Additionally, there is evidence that beans may protect against developing new tumors because they lengthen telomeres, the protective cap at the end of our chromosomes!
Dietary protein from beans has been shown to lower the risk of kidney disease. A study of 14,866 patients with chronic kidney disease found that “every 33% increase in the ratio of plant protein to total protein consumed resulted in a lower risk of death for those with chronic kidney disease (CKD). (10)
Additionally, kidney stones result from high concentrations of calcium oxalate, a compound that is produced when oxalic acid (oxalate) combines with calcium. Eating beans has been shown to decrease the risk of kidney stones because they inhibit the absorption of dietary oxalate.
Legumes may aid weight loss due to their high fiber content. Dietary fiber helps people lose weight by making them feel full, which promotes healthy eating habits and decreases calorie intake.

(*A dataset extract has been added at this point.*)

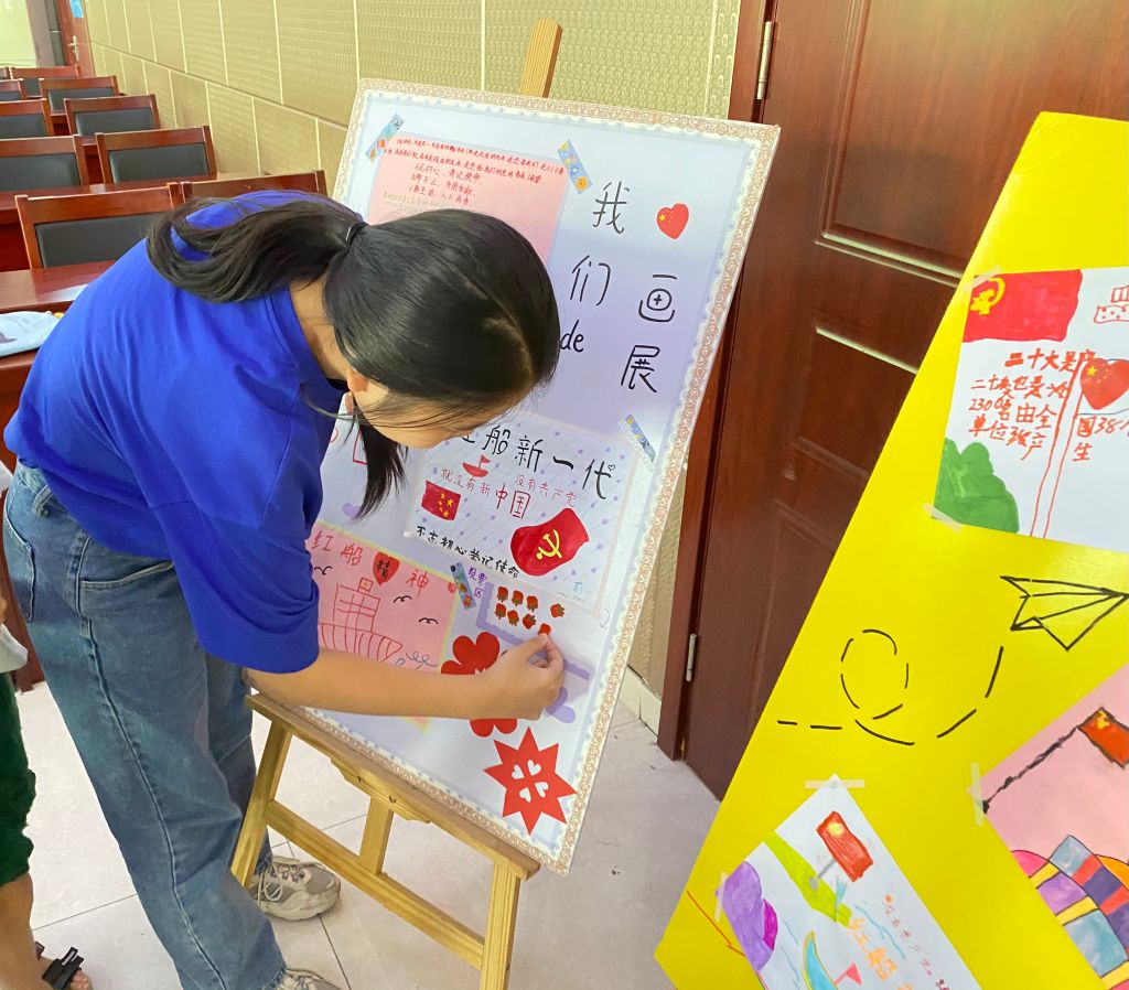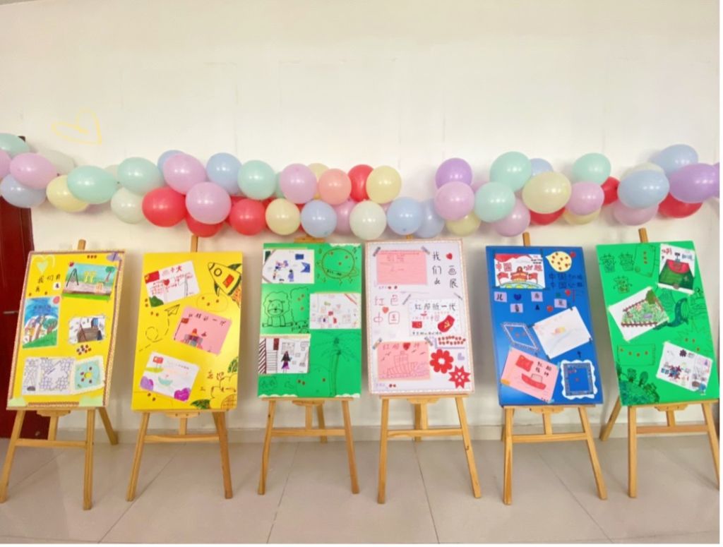 小营员们自己动手设计的画作展示板

Legumes in particular create short-chain fatty acids (SCFAs) when their fiber is digested by gut bacteria. These SCFAs help improve satiety and increase energy expenditure. (11)
That’s a Wrap
I hope this article has helped you learn more about the similarities and differences between beans and peas, two great sources of protein for vegans, as well as why you should add them to your diet. If you’re vegan or just looking to add some plant-based proteins into your diet, beans and peas are the way to go!
Add them both to your plant-based armory and reap the benefits of these legumes!